| Task brief |
Copy every line of the data exactly, keeping out any picture.

| Stored data |
★ ★ ★ ★
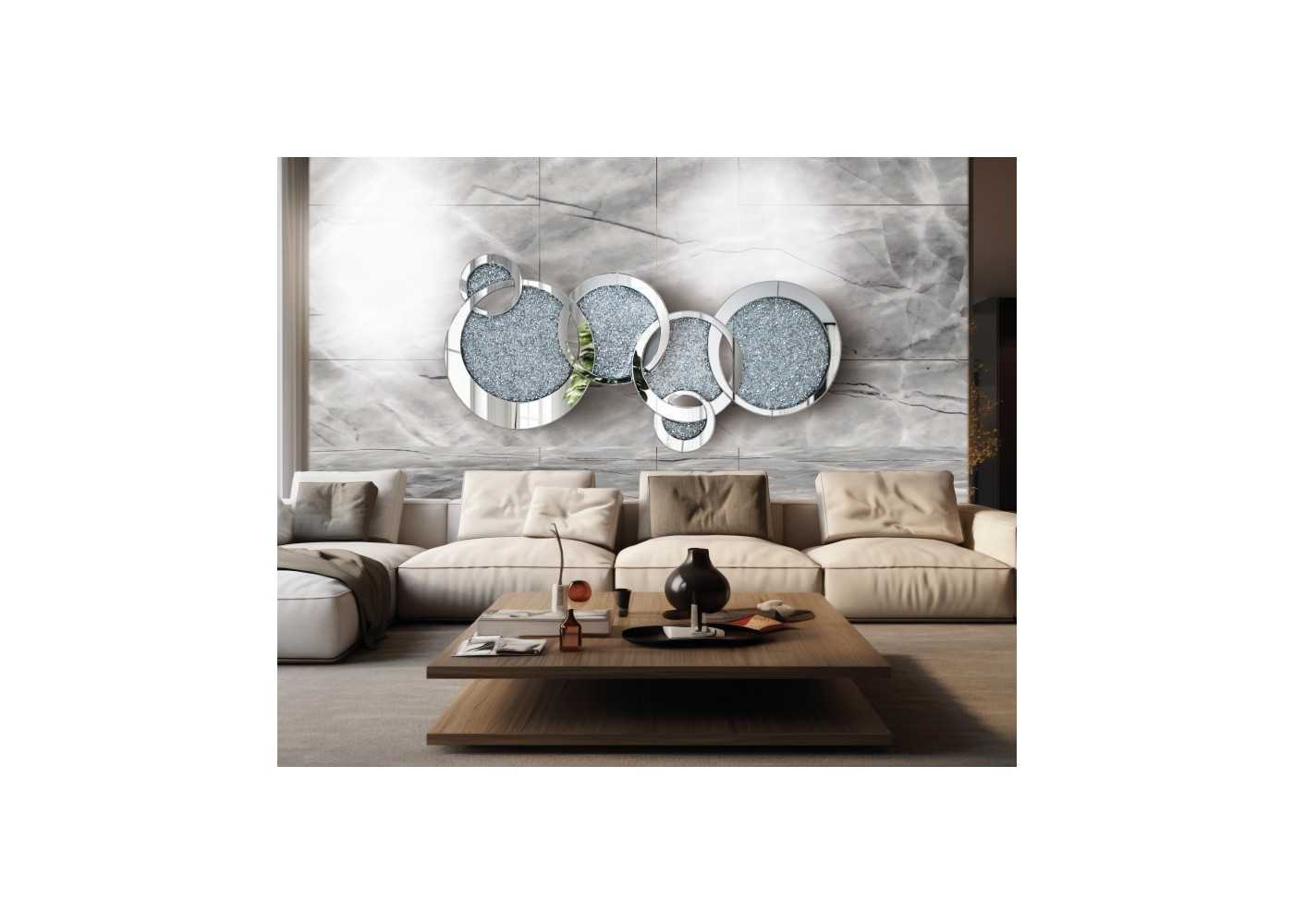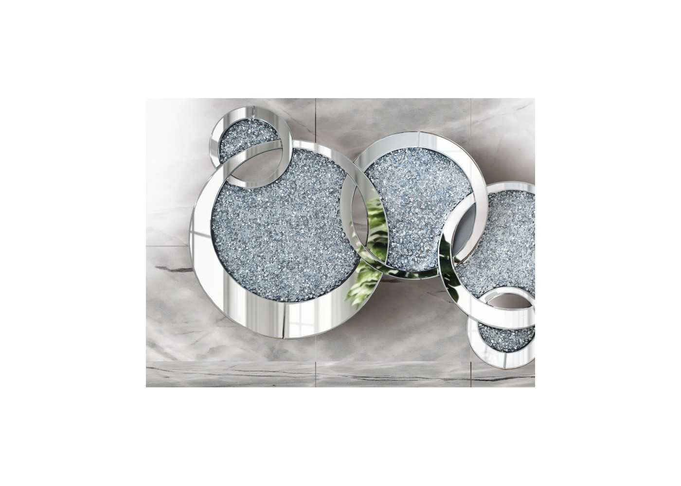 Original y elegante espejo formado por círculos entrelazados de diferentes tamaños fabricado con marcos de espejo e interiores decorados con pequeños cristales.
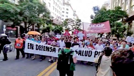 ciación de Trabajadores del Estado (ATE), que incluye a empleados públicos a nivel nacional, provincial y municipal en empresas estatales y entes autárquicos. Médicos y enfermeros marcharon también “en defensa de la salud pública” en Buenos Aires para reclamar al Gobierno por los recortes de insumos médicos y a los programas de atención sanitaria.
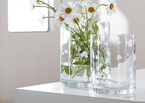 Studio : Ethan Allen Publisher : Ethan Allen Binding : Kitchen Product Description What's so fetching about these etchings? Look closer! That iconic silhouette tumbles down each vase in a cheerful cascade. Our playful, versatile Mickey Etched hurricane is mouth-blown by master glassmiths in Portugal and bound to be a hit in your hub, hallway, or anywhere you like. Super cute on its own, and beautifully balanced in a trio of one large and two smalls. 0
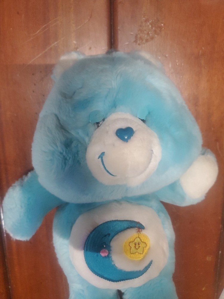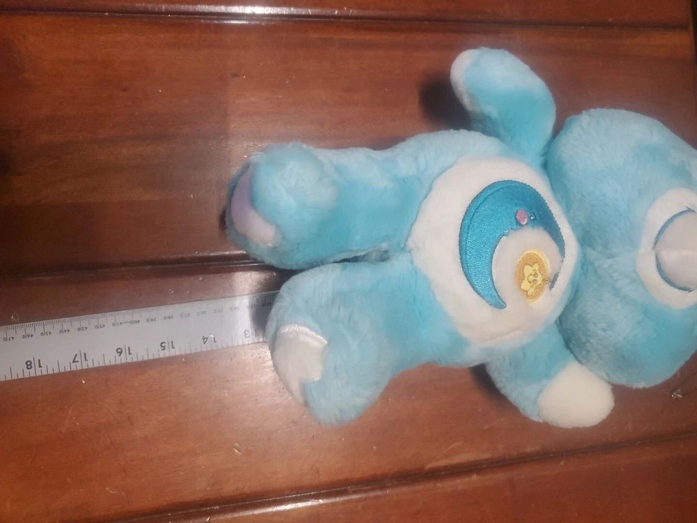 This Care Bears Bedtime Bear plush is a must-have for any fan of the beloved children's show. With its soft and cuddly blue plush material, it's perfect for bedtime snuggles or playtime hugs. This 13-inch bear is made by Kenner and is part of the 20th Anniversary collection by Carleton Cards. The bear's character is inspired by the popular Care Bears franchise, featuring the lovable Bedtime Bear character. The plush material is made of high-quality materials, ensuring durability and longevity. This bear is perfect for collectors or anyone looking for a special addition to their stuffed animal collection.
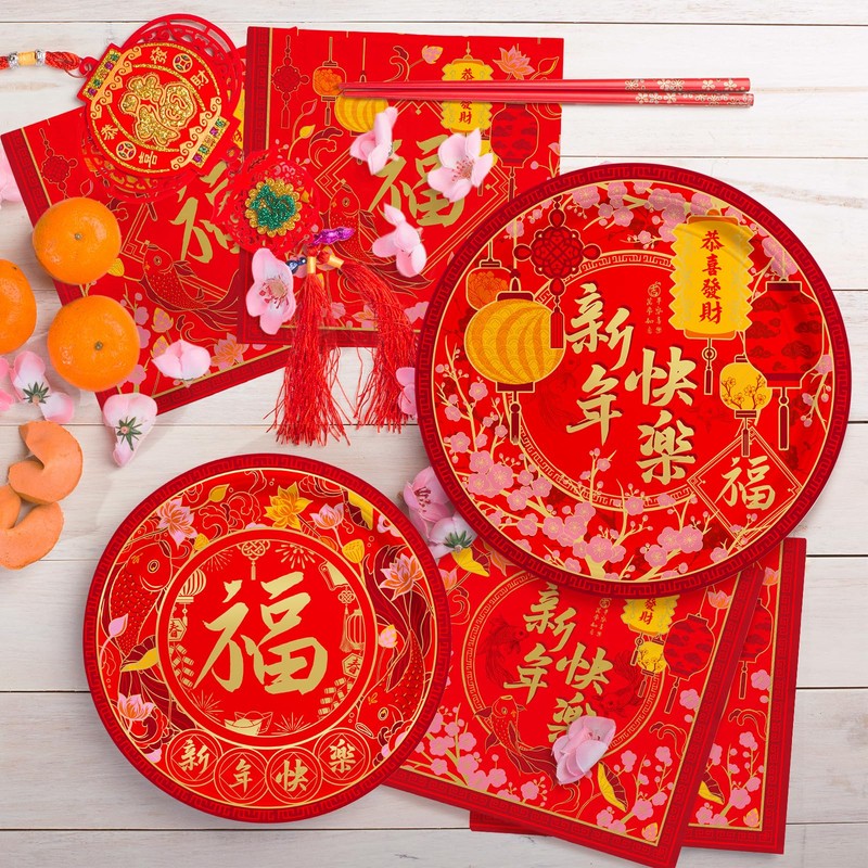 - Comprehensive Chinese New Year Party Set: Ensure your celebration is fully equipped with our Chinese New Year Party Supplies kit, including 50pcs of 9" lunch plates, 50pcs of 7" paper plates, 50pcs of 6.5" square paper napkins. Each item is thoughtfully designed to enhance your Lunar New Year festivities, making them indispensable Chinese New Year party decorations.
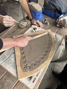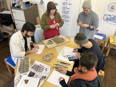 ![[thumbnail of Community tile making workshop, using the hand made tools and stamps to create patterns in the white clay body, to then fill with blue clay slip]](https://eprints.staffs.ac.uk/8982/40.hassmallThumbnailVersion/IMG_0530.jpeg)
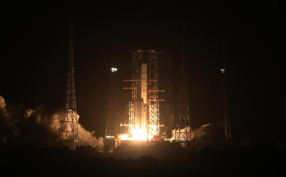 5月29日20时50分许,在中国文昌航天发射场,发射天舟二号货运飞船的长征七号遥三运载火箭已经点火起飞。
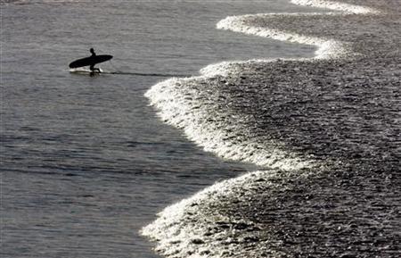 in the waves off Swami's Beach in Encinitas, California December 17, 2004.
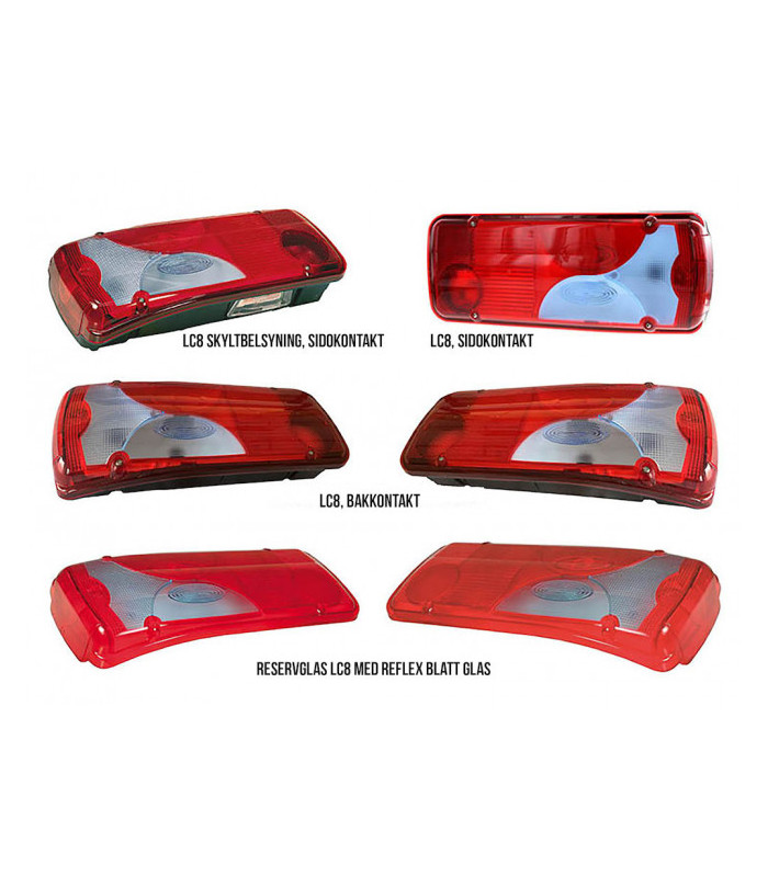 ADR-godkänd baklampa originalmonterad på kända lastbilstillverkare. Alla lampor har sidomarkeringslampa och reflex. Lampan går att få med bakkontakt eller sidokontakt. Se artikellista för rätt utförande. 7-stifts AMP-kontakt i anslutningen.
★ ★ ★ ★
| Solution for this problem |
 Original y elegante espejo formado por círculos entrelazados de diferentes tamaños fabricado con marcos de espejo e interiores decorados con pequeños cristales.
 ciación de Trabajadores del Estado (ATE), que incluye a empleados públicos a nivel nacional, provincial y municipal en empresas estatales y entes autárquicos. Médicos y enfermeros marcharon también “en defensa de la salud pública” en Buenos Aires para reclamar al Gobierno por los recortes de insumos médicos y a los programas de atención sanitaria.
 Studio : Ethan Allen Publisher : Ethan Allen Binding : Kitchen Product Description What's so fetching about these etchings? Look closer! That iconic silhouette tumbles down each vase in a cheerful cascade. Our playful, versatile Mickey Etched hurricane is mouth-blown by master glassmiths in Portugal and bound to be a hit in your hub, hallway, or anywhere you like. Super cute on its own, and beautifully balanced in a trio of one large and two smalls. 0
 This Care Bears Bedtime Bear plush is a must-have for any fan of the beloved children's show. With its soft and cuddly blue plush material, it's perfect for bedtime snuggles or playtime hugs. This 13-inch bear is made by Kenner and is part of the 20th Anniversary collection by Carleton Cards. The bear's character is inspired by the popular Care Bears franchise, featuring the lovable Bedtime Bear character. The plush material is made of high-quality materials, ensuring durability and longevity. This bear is perfect for collectors or anyone looking for a special addition to their stuffed animal collection.
 - Comprehensive Chinese New Year Party Set: Ensure your celebration is fully equipped with our Chinese New Year Party Supplies kit, including 50pcs of 9" lunch plates, 50pcs of 7" paper plates, 50pcs of 6.5" square paper napkins. Each item is thoughtfully designed to enhance your Lunar New Year festivities, making them indispensable Chinese New Year party decorations.
 ![[thumbnail of Community tile making workshop, using the hand made tools and stamps to create patterns in the white clay body, to then fill with blue clay slip]](https://eprints.staffs.ac.uk/8982/40.hassmallThumbnailVersion/IMG_0530.jpeg)
 5月29日20时50分许,在中国文昌航天发射场,发射天舟二号货运飞船的长征七号遥三运载火箭已经点火起飞。
 in the waves off Swami's Beach in Encinitas, California December 17, 2004.
 ADR-godkänd baklampa originalmonterad på kända lastbilstillverkare. Alla lampor har sidomarkeringslampa och reflex. Lampan går att få med bakkontakt eller sidokontakt. Se artikellista för rätt utförande. 7-stifts AMP-kontakt i anslutningen.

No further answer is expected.